**Extracted data:**

<<<<

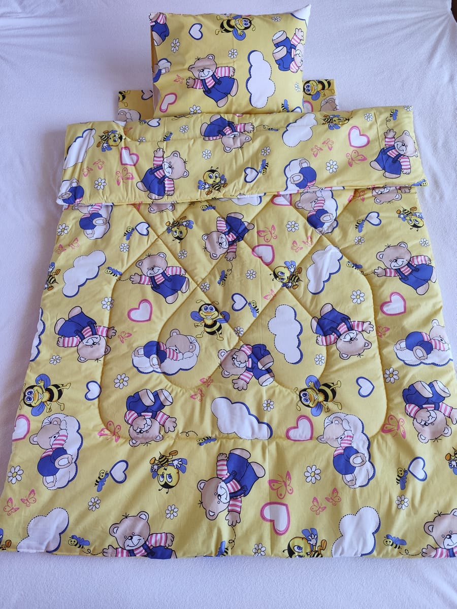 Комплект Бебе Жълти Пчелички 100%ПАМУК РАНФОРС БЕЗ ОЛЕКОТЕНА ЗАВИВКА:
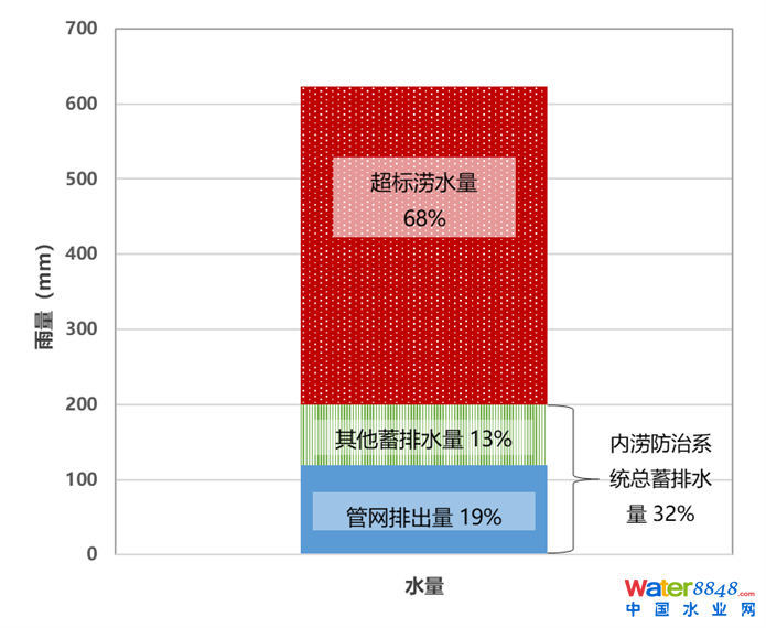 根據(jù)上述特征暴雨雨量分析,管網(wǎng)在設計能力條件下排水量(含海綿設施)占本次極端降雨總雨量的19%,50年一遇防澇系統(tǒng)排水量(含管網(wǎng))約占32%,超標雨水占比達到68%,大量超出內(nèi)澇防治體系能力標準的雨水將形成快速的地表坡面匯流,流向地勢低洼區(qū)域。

>>>>
<<<<

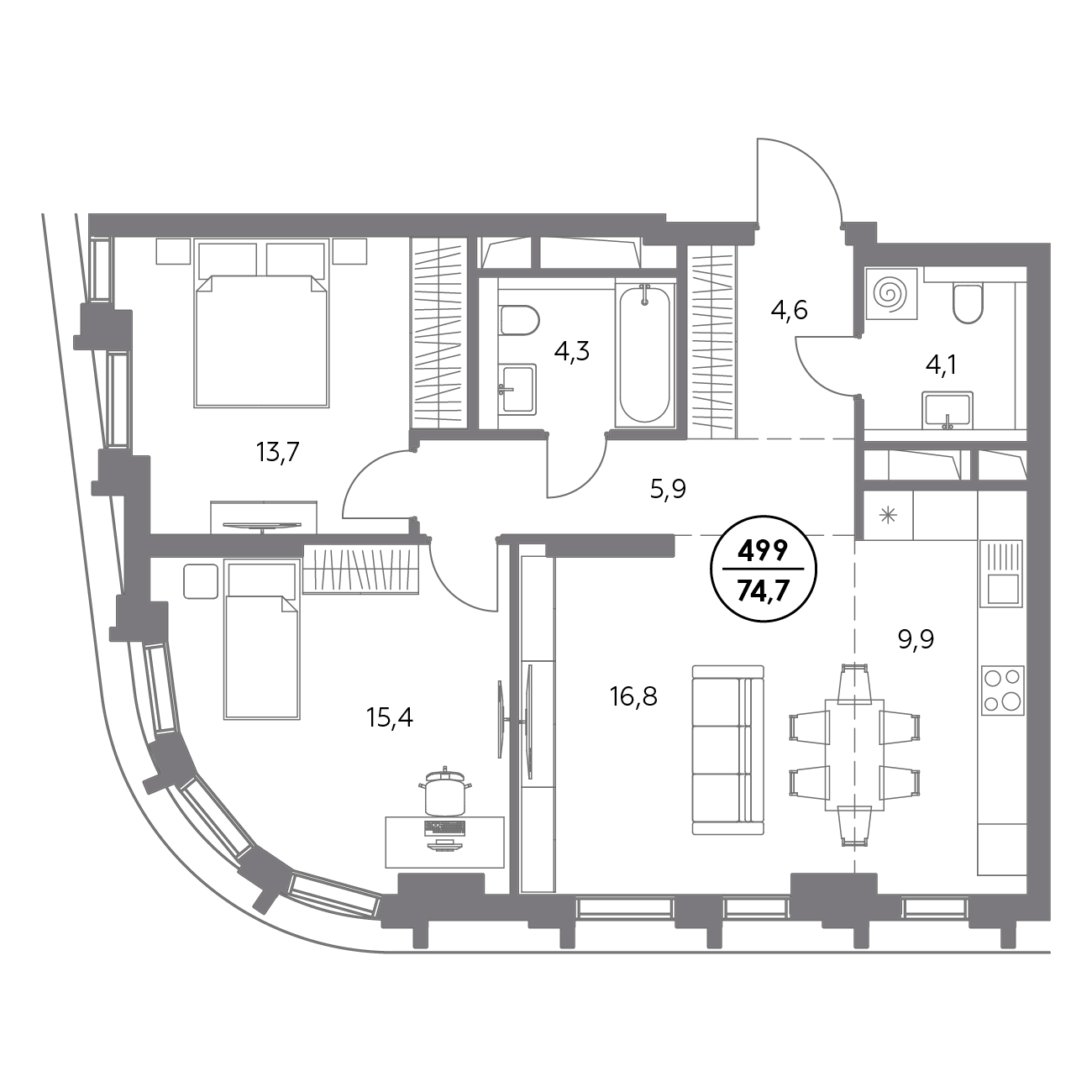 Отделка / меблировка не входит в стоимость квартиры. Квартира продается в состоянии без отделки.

>>>>

**What you are asked to do:**
All that is wanted is the lines above between the one containing "Комплект Бебе Жълти" and the one containing "根據(jù)上述特征暴雨雨量", inclusive, restated word for word, with pictures omitted.

**Written answer:**
 Комплект Бебе Жълти Пчелички 100%ПАМУК РАНФОРС БЕЗ ОЛЕКОТЕНА ЗАВИВКА:
 根據(jù)上述特征暴雨雨量分析,管網(wǎng)在設計能力條件下排水量(含海綿設施)占本次極端降雨總雨量的19%,50年一遇防澇系統(tǒng)排水量(含管網(wǎng))約占32%,超標雨水占比達到68%,大量超出內(nèi)澇防治體系能力標準的雨水將形成快速的地表坡面匯流,流向地勢低洼區(qū)域。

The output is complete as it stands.